**GIVEN DATA**
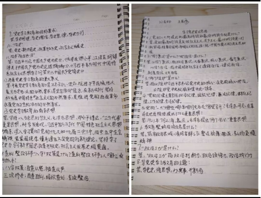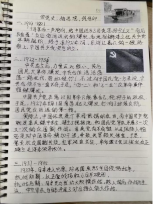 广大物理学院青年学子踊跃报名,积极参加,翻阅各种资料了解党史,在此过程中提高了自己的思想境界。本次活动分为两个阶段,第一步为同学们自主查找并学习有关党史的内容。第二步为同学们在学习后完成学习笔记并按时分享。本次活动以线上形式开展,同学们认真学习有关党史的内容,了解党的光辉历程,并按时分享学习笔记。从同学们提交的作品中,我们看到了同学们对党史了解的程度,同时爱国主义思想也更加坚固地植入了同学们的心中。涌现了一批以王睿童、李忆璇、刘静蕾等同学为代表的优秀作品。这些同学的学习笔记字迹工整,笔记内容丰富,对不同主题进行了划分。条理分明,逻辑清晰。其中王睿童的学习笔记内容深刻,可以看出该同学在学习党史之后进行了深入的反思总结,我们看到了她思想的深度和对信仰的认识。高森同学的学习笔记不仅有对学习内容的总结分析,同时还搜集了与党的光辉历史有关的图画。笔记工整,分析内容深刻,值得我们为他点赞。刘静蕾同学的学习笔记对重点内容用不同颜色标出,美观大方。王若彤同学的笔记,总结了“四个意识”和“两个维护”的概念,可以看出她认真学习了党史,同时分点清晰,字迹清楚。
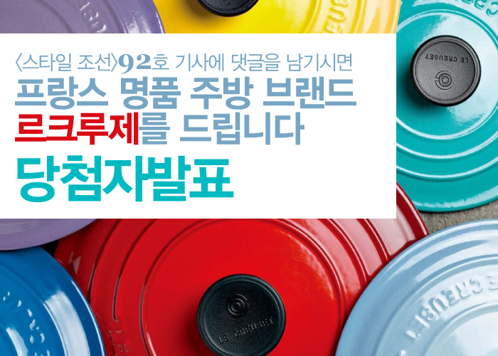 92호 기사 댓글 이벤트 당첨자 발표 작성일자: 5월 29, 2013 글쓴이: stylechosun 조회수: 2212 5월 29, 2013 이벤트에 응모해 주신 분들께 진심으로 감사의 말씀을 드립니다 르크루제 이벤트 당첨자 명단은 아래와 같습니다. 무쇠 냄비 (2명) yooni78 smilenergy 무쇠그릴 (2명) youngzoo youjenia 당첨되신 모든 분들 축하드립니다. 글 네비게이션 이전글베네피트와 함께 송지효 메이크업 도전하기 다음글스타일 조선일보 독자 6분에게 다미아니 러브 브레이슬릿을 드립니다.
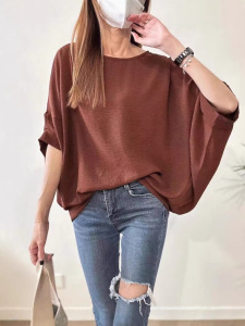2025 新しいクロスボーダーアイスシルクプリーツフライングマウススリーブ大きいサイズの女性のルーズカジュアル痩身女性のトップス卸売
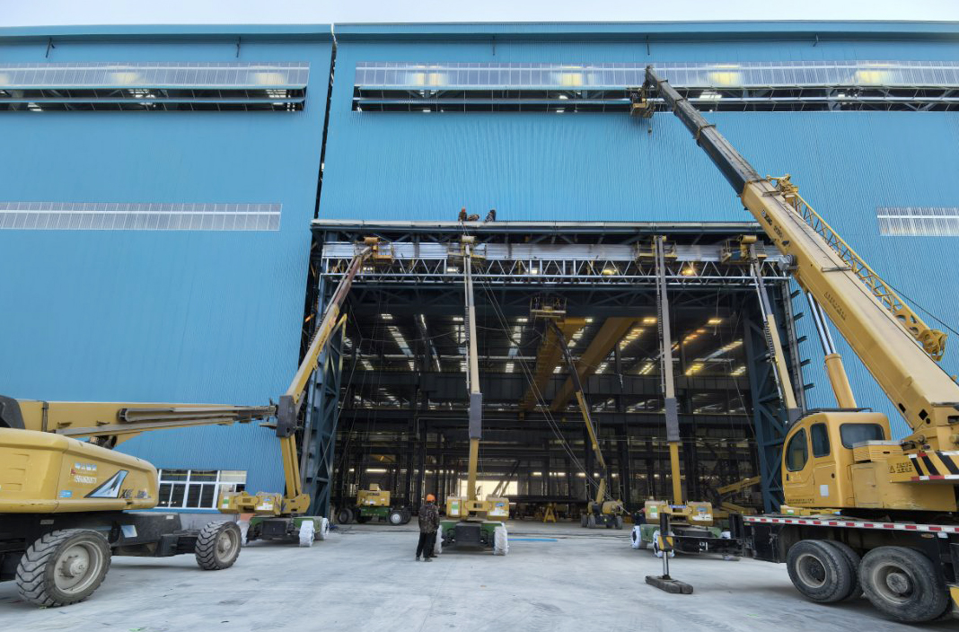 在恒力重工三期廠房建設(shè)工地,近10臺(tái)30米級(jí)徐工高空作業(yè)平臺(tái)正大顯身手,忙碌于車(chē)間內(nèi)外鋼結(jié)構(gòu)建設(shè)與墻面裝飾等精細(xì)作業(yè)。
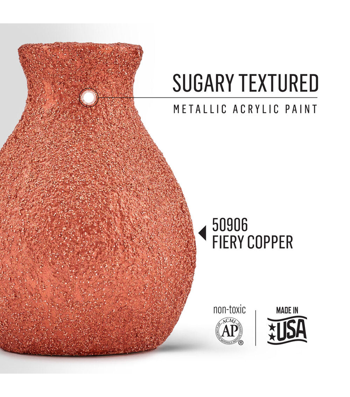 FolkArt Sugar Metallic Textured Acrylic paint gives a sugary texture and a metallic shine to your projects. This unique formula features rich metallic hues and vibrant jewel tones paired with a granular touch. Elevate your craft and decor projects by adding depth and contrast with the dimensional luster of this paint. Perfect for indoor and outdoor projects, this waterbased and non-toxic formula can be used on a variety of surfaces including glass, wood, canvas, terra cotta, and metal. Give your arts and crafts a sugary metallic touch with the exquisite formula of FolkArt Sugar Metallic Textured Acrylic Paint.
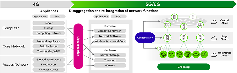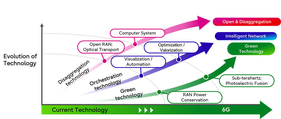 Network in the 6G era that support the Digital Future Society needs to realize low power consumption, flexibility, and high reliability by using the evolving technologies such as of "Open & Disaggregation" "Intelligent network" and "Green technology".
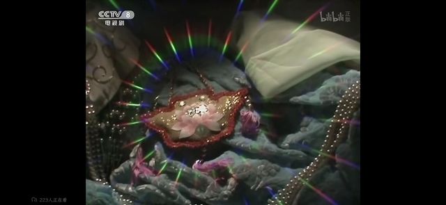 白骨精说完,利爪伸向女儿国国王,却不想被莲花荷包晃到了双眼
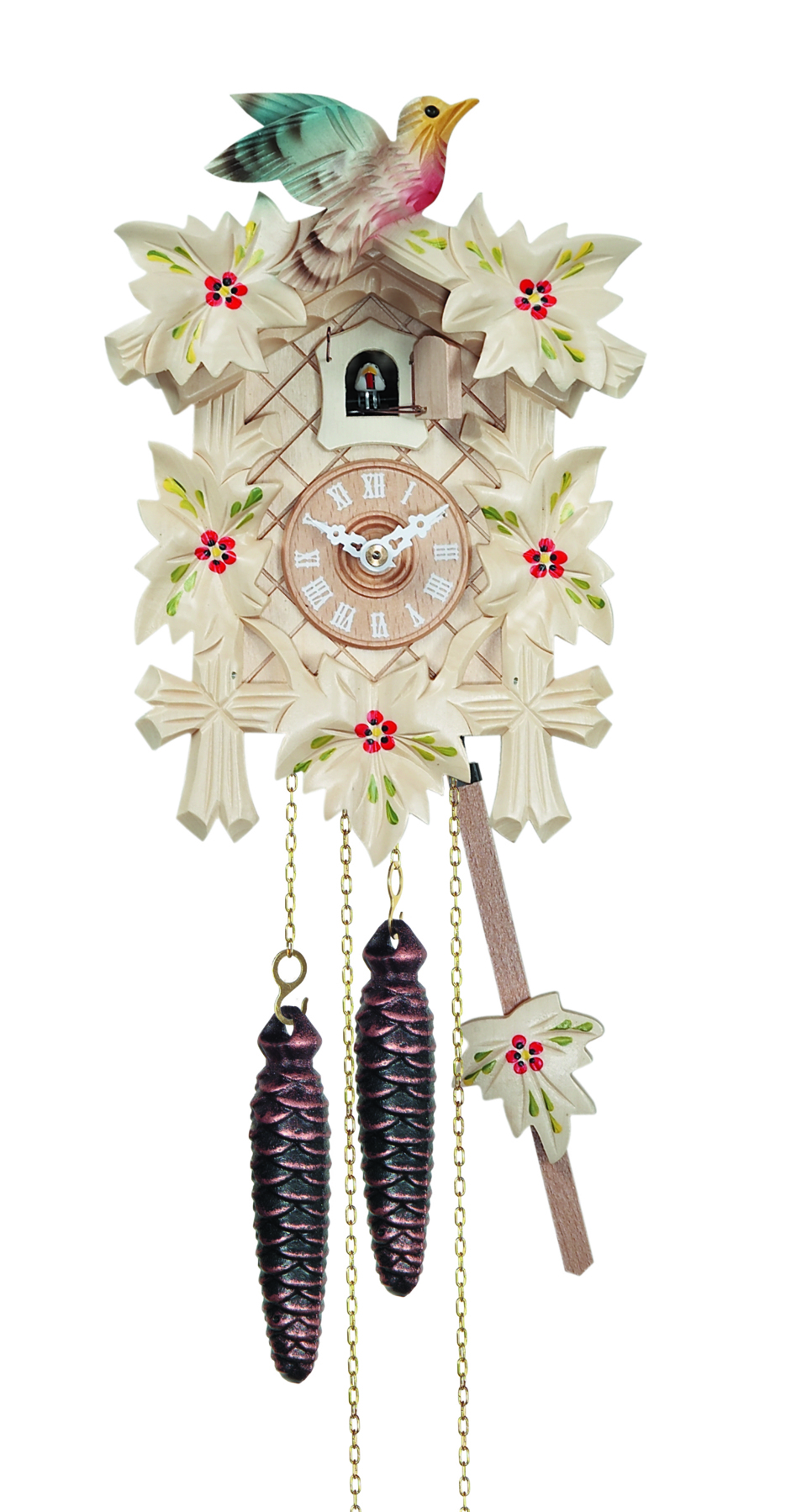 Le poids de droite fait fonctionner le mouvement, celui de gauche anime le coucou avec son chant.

**WORK TO BE COMPLETED**
Only the pictures are to be left out, and all of the data must otherwise be transcribed exactly.

**EXPECTED ANSWER**
 广大物理学院青年学子踊跃报名,积极参加,翻阅各种资料了解党史,在此过程中提高了自己的思想境界。本次活动分为两个阶段,第一步为同学们自主查找并学习有关党史的内容。第二步为同学们在学习后完成学习笔记并按时分享。本次活动以线上形式开展,同学们认真学习有关党史的内容,了解党的光辉历程,并按时分享学习笔记。从同学们提交的作品中,我们看到了同学们对党史了解的程度,同时爱国主义思想也更加坚固地植入了同学们的心中。涌现了一批以王睿童、李忆璇、刘静蕾等同学为代表的优秀作品。这些同学的学习笔记字迹工整,笔记内容丰富,对不同主题进行了划分。条理分明,逻辑清晰。其中王睿童的学习笔记内容深刻,可以看出该同学在学习党史之后进行了深入的反思总结,我们看到了她思想的深度和对信仰的认识。高森同学的学习笔记不仅有对学习内容的总结分析,同时还搜集了与党的光辉历史有关的图画。笔记工整,分析内容深刻,值得我们为他点赞。刘静蕾同学的学习笔记对重点内容用不同颜色标出,美观大方。王若彤同学的笔记,总结了“四个意识”和“两个维护”的概念,可以看出她认真学习了党史,同时分点清晰,字迹清楚。
 92호 기사 댓글 이벤트 당첨자 발표 작성일자: 5월 29, 2013 글쓴이: stylechosun 조회수: 2212 5월 29, 2013 이벤트에 응모해 주신 분들께 진심으로 감사의 말씀을 드립니다 르크루제 이벤트 당첨자 명단은 아래와 같습니다. 무쇠 냄비 (2명) yooni78 smilenergy 무쇠그릴 (2명) youngzoo youjenia 당첨되신 모든 분들 축하드립니다. 글 네비게이션 이전글베네피트와 함께 송지효 메이크업 도전하기 다음글스타일 조선일보 독자 6분에게 다미아니 러브 브레이슬릿을 드립니다.
2025 新しいクロスボーダーアイスシルクプリーツフライングマウススリーブ大きいサイズの女性のルーズカジュアル痩身女性のトップス卸売
 在恒力重工三期廠房建設(shè)工地,近10臺(tái)30米級(jí)徐工高空作業(yè)平臺(tái)正大顯身手,忙碌于車(chē)間內(nèi)外鋼結(jié)構(gòu)建設(shè)與墻面裝飾等精細(xì)作業(yè)。
 FolkArt Sugar Metallic Textured Acrylic paint gives a sugary texture and a metallic shine to your projects. This unique formula features rich metallic hues and vibrant jewel tones paired with a granular touch. Elevate your craft and decor projects by adding depth and contrast with the dimensional luster of this paint. Perfect for indoor and outdoor projects, this waterbased and non-toxic formula can be used on a variety of surfaces including glass, wood, canvas, terra cotta, and metal. Give your arts and crafts a sugary metallic touch with the exquisite formula of FolkArt Sugar Metallic Textured Acrylic Paint.
 Network in the 6G era that support the Digital Future Society needs to realize low power consumption, flexibility, and high reliability by using the evolving technologies such as of "Open & Disaggregation" "Intelligent network" and "Green technology".
 白骨精说完,利爪伸向女儿国国王,却不想被莲花荷包晃到了双眼
 Le poids de droite fait fonctionner le mouvement, celui de gauche anime le coucou avec son chant.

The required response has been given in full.